El drama sigue para este hombre que no ha podido recuperar el cuerpo para darle cristiana sepultura.
La juez que lleva el caso se encuentra de vacaciones y mientras tanto don Erick sigue llorando al lado de una tumba sin nombre.
En Antioquia se investigan 40 casos
Medellín
Doce días después de que un desconocido les ofreció trabajo en una finca, Carmen Julia Giraldo (de 38 años) y Carlos Andrés Palacio (de 26 años) aparecieron en San Roque (nordeste antioqueño) como guerrilleros muertos en combate por el Ejército.
El aparente benefactor los contactó el 7 de agosto, mientras ellos vendían chicles en el parque de Berrío.

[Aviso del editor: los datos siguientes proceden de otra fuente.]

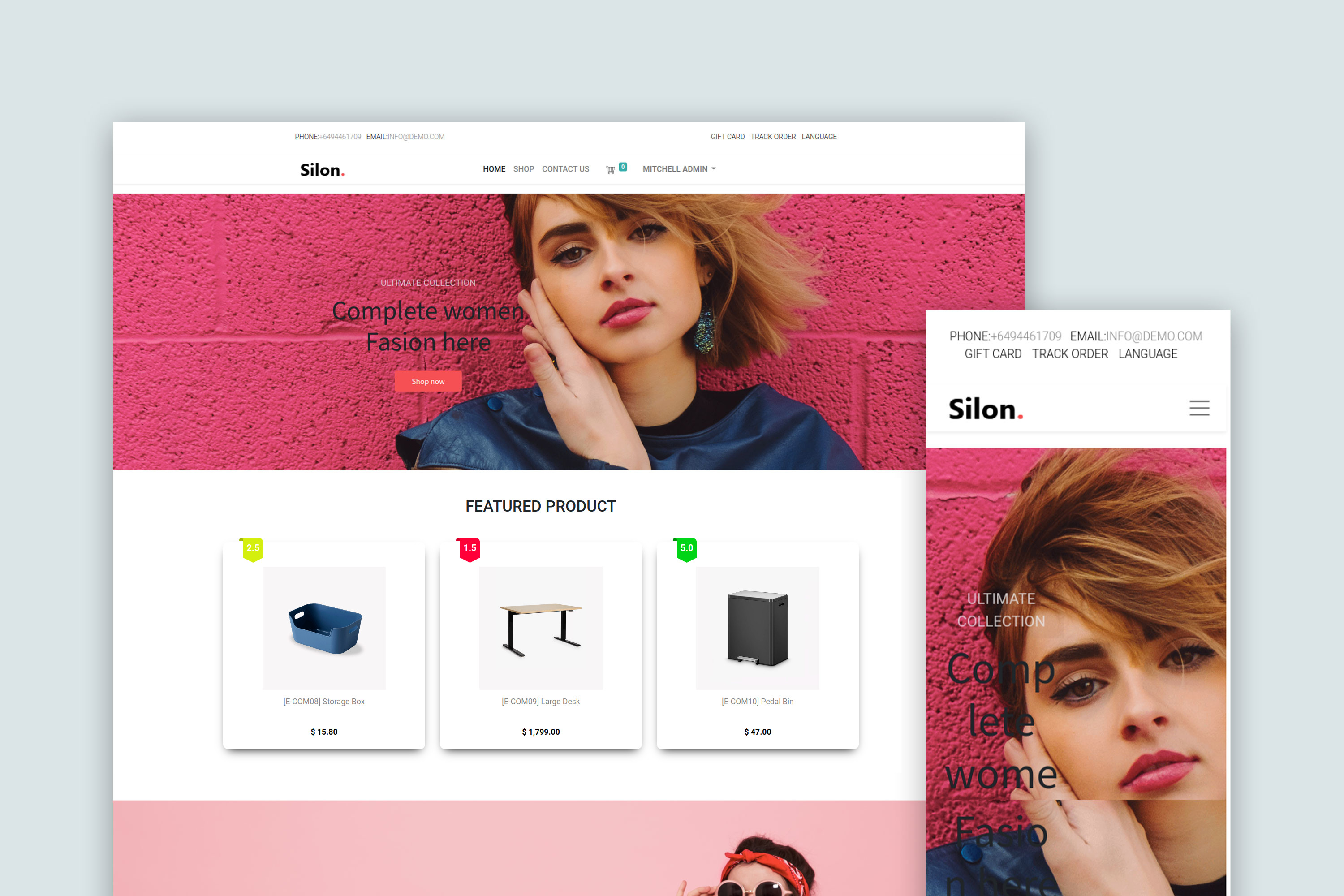 The Silon Theme V17 Gives You an attractive front-end theme suitable for E-commerce. This is an Elegant Backend Theme for Odoo 17. This Theme Will Change Your Old Experience to a New Experience With Odoo. It is a Perfect Choice for Your Odoo Backend and an Attractive Theme for Your Odoo 17. It Contains featured product snippet configured from the backend. The most popular and trending products can be added. The price filter is an attractive feature available. Customized shop, cart, and contact us pages, etc.

Les compró, le ofreció a él un empleo de mayordomo y le pidió sus datos.
La paga ofrecida eran 15.000 pesos diarios, libres de comida y hospedaje. La última comunicación que tuvieron con su familia antes de montarse al bus los dejó todavía más cavilosos, pues Carlos explicó que ya no iban para Caracolí sino para San Roque.
Pasó una semana y la pareja no se reportó. El 20 de
agosto la familia de la pareja se encontró con la noticia de que el Ejército había matado a dos subversivos del Eln: "Guardaba la esperanza de que no fuera ella; porque decían que la muerta era morena, y Carmen era blanca", dice Graciela, la mamá. Pero la confirmación de que sí eran sus allegados llegó cuando vieron el video del levantamiento de los cuerpos.

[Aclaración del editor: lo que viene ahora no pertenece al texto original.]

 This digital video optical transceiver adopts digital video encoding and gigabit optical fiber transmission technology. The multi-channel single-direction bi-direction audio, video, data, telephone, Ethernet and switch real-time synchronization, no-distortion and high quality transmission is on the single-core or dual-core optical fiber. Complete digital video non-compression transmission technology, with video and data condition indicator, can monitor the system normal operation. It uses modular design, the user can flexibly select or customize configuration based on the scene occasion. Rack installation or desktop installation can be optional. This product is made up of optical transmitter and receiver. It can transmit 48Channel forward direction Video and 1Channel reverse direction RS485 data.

En Antioquia hay registros de cerca de 40 casos de posibles falsos positivos entre el 2007 y el 2008. Las zonas más afectadas son el oriente y el nordeste.
Mimo y drogadictos
NEIVA
La Fiscalía indaga la muerte de cinco habitantes de la calle en dos
operativos militares en Huila. En el primero -en Isnos, el 23 de julio- el Ejército dice que tres sujetos fueron hasta una finca a cobrar 500 mil pesos de una extorsión. La víctima acudió al Batallón y los hombres los recibieron con fusiles y fueron dados de baja.
Pero la familia del único de los identificados, Miller Blandón, dice que era un mimo que vivía en la calle y que pedía comida en el Centro del Indigente.
El segundo hecho ocurrió el 14 de febrero en Suaza. Con documentos en la mano, los familiares de Juan Perdomo Claros y Jhon Alber Lizcano, aseguran que días antes de su muerte estaban en tratamiento en centros de drogadicción y le exigieron claridad al Ejército.
El comandante del Batallón Magdalena, coronel Marcos Pinto, se sostiene en que eran extorsionistas y dice que puede explicar cómo murieron, pero no el por qué estaban en el lugar del combate.
En todo caso, el Ejército recuerda que en San Agustín, límites con Cauca, apareció un enfermo mental, enviado por las Farc, con una mina antipersona. El joven -que ya fue entregado a su
familia- vive en el caserío Bruselas, a 4 horas del lugar de los combates.